L’approche de nos entrepreneurs reste quant à elle très pragmatique, ils ont raison, il faut avancer prudemment et conquérir les parts de marché petit à petit. Ouvert depuis juin 2010, leur site a déjà conquis 1000 clients, ce qui n’est pas négligeable. Certes, il y a 3.2 millions de ces petites et très petites entreprises en France mais, selon une étude réalisée par Ipsos pour Google, 42% ont déjà un site Internet. Toutefois ce chiffre est à relativiser (voir ci-dessous), car seul 30% et non 42% de ces entreprises utilisent ce site Web « activement », et on observe une grosse dichotomie entre artisans/commerçants et industriels qui sont assez réticents voire non consommateurs absolus (à quelques exceptions près) et les acteurs du tertiaire qui sont même souvent en avance sur leurs homologues des grands comptes (demandez à une TPE des high techs si son site Web est important et si une application iPhone serait une bonne idée ?). Il faut donc sous-segmenter et ne pas se laisser berner par des chiffres mirobolants.

La énième tentative ?

Les entrepreneurs de Wizboo ne sont pas les premiers à se lancer sur ce créneau juteux des TPE. La logique est simple, sur le mode de « ce pays en voie développement marche pieds nus, je vais leur vendre des chaussures ! » Sauf que beaucoup s’y sont aventuré par le passé, à commencer par l’Américain Rapidsite (repris par les pages Jaunes dans les années 2000) qui – ironie du sort – est redevenu un hébergeur classique. Certains opérateurs sont également acteurs sur ce marché (transparence : du fait de mon travail et de mes responsabilités, je ne m’exprimerai pas sur ce sujet). D’ailleurs, cette frénésie d’activité  sur le « big market » a eu son effet (les 42% … non 30% pardon), mais reste à transformer en profondeur les comportements des entreprises de ces segments. C’est ce que décrit très bien Philippe Lemoine, avec son talent habituel.

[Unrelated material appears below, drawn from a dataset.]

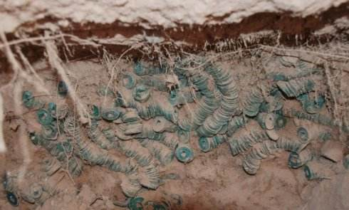 据报道,内蒙古考古研究所接到了电话说在:内蒙古鄂尔多斯市杭锦旗霍洛柴登古城内有人利用金属探测器探宝发现了古钱。研究所到达现场后清理发掘出7000多斤的古钱。按每斤大约200枚计算,初步估算有140万枚。让人惊喜的是他们又发现了铸币窑址4座。窑室平面主要为长方形,窑室一侧有火膛、火道、窑门、排水沟等。4座窑址分布井然有序,窑址附近还发现制晒坯场地。考古人员同时发现了陶器、铜器、铁器、石器及大量铜铁炼渣、动物骨骼等。

La démarche de nos entrepreneurs est différente de ces tentatives précédentes cependant, car elle se fonde sur une démarche en self-service et vise les déçus des sites web clef-en-mains et les nouveaux entrants. Voir mon interview des fondateurs de Wizboo réalisée la semaine dernière (voir ci-dessous et directement sur YouTube)

et comme à notre habitude, voici un sondage pour nos lecteurs :

COMPLEMENT DE REFLEXION : LE MYTHE DU « BIG MARKET »

[JDNet – 11/2010] Le Web  largement minoritaire chez les PME/TPE françaises (présence en ligne et publicité)

Le Web n’est pas encore la tasse de thé des très petites entreprises françaises. Comme je le faisais remarquer dans ce compte-rendu de l’intervention de Philippe Lemoine sur l’usage des TIC dans les PME en février 2008, la situation a peu évolué en France depuis 10 ans. Voici dans cette étude faite par Ipsos pour Google et commentée par le JDNET en 2010, quelques extraits choisis :

« Pour beaucoup de petites et moyennes entreprises françaises, le Web ne semble pas être une priorité. Seules 42% possèdent en effet un site, selon une étude d’Ipsos pour Google. Et celles qui utilisent activement un site Web ne sont que 30%. Les PME de 10 à 50 salariés sont les plus présentes en ligne. Elles appartiennent pour beaucoup au secteur tertiaire et ont une activité souvent nationale voire internationale.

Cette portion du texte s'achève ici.